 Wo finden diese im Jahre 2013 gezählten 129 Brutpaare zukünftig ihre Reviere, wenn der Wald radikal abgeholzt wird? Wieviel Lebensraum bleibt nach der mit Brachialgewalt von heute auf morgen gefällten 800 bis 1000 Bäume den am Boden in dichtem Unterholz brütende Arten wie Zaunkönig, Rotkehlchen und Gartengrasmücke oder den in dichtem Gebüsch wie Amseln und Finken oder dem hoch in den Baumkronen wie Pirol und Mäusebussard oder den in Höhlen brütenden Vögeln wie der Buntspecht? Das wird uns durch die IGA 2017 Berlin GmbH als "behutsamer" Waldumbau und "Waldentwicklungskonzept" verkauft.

...

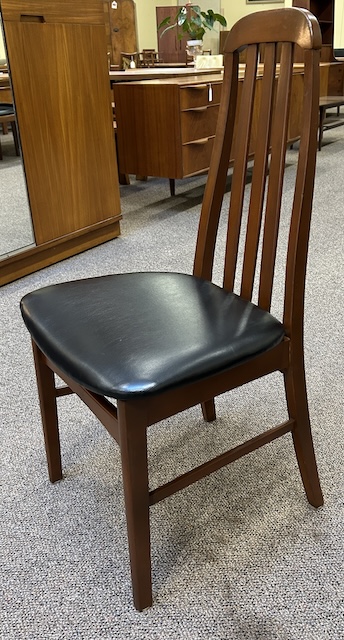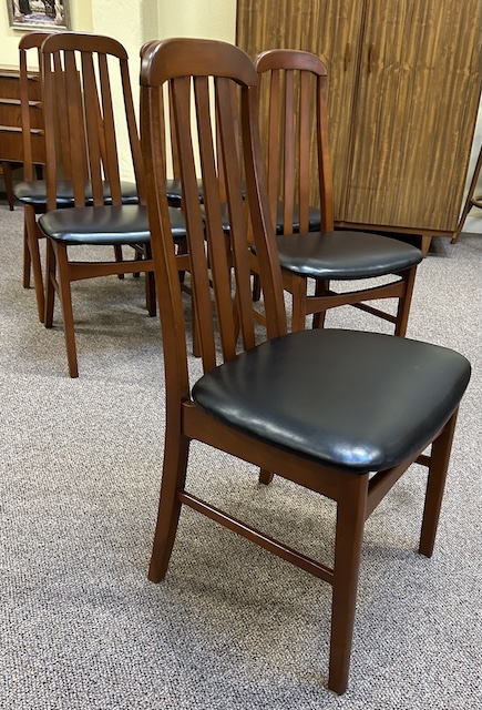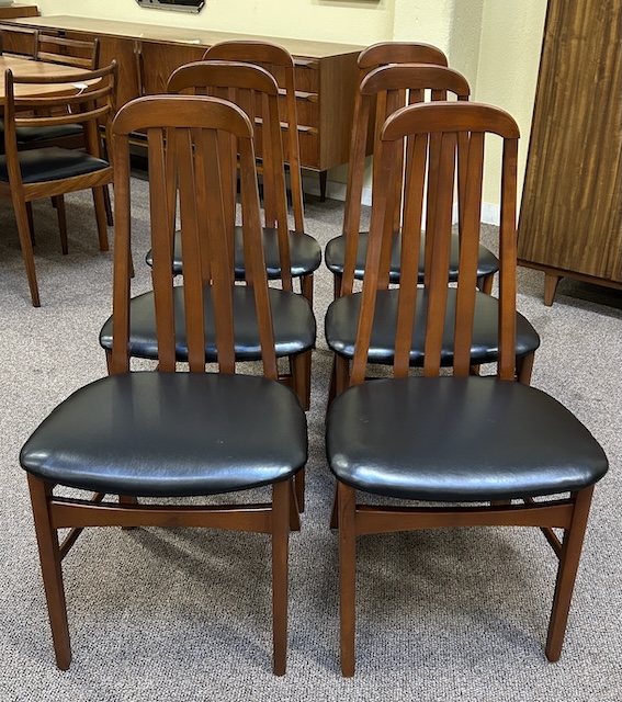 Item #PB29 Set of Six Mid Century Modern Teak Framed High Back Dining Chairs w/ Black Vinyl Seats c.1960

...

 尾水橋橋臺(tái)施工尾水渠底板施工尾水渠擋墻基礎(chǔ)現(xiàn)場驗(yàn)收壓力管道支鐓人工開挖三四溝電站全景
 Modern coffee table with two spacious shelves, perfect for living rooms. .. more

▸ Work to be completed:
Output the lines above between the one holding "尾水橋橋臺(tái)施工尾水" and the one holding "Modern coffee table", inclusive, with nothing before or after them.

▸ Output:
 尾水橋橋臺(tái)施工尾水渠底板施工尾水渠擋墻基礎(chǔ)現(xiàn)場驗(yàn)收壓力管道支鐓人工開挖三四溝電站全景
 Modern coffee table with two spacious shelves, perfect for living rooms. .. more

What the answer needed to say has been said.